Grateful for the holidays?
While the holiday season may invoke a sense of nostalgia, celebration, and togetherness, it may also bring up stress, isolation, sadness, or a messy combination of emotions. Practicing gratitude can help mitigate the more difficult feelings that may accompany the holidays, and can help with stress management now and throughout the year. This practice might prove useful through the dark, long months of winter.

It’s a practice
As simple as it may seem, remembering to practice gratitude is, indeed, a practice — something we need to work on regularly to keep fresh, develop as a habit, and benefit from. Like most habits, it’s best to integrate it into daily life with regularity, even for short amounts of time. Comparable to the development of skills in your Pilates practice, consistent commitment is key to making progress – even during challenging times.

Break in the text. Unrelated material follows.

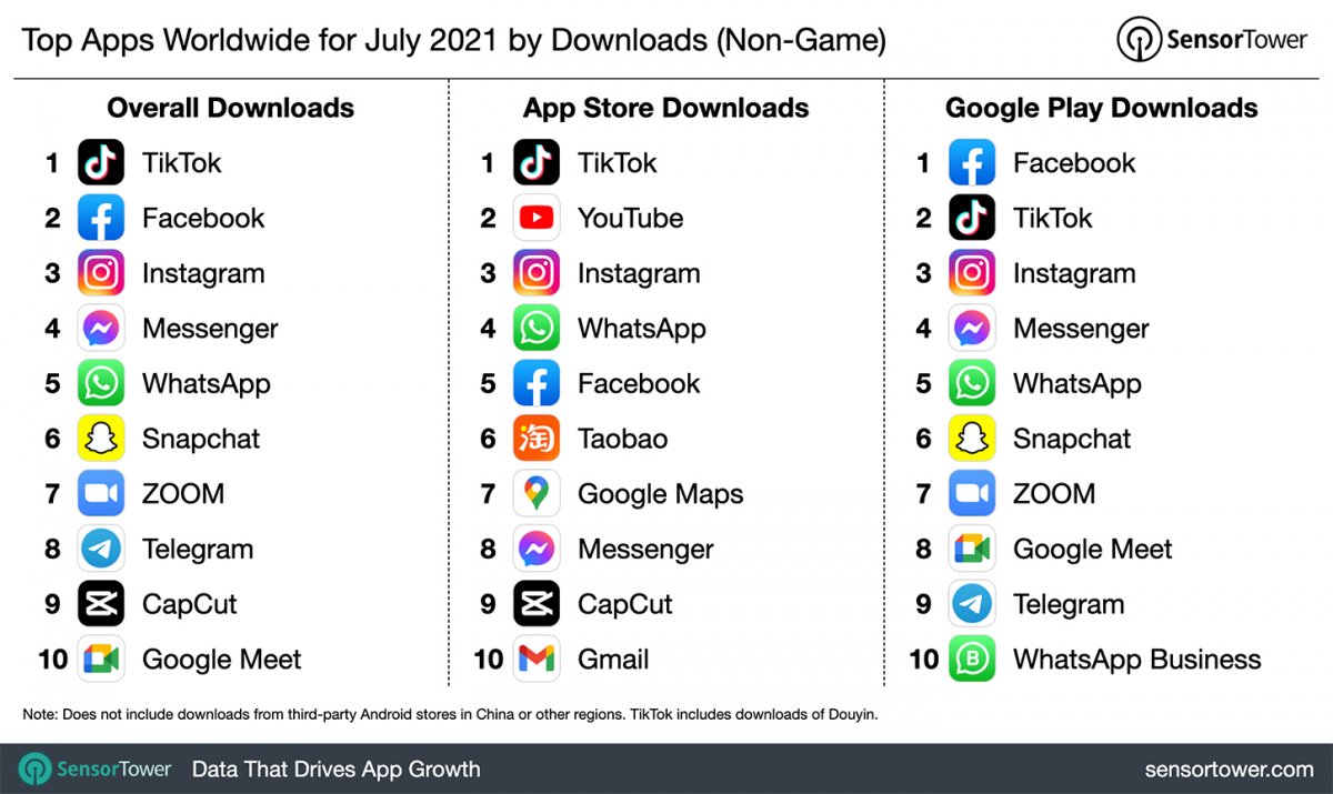 Uygulama istatistiklerini takip eden araştırma şirketi Sensor Tower’ın, 2021 temmuz ayına ait raporunu yayınladı.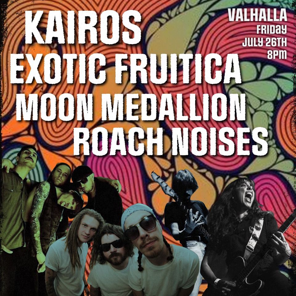 Friday July 26 Kairos, Exotic Fruitica, Moon Medallion, Roach Noises

It might help to use a cue, like journaling first thing in the morning or right before bed, or just before you walk out the door at the start of your day, as a reminder to pause and reflect on one or more things you are grateful for in life. Something as simple as a comfortable pair of shoes, a sunny day, or a lovely morning cup of tea are reason enough to pause and give thanks. Ideally, pause long enough for a moment of mindfulness and sense how the thing you are grateful for makes you feel and how it enriches your life. For example, a comfortable pair of shoes helps you move through your day with ease, energy and healthy, happy feet—a huge gift!

Sense the benefits and share the love
Notice if your gratitude practice affects how you feel throughout the day. Share it out into the world by verbalizing what you are grateful for, or expressing your appreciation for those around with a card or a hug. You might find the routine aspects of life that we can easily take for granted seem fresh and rewarding.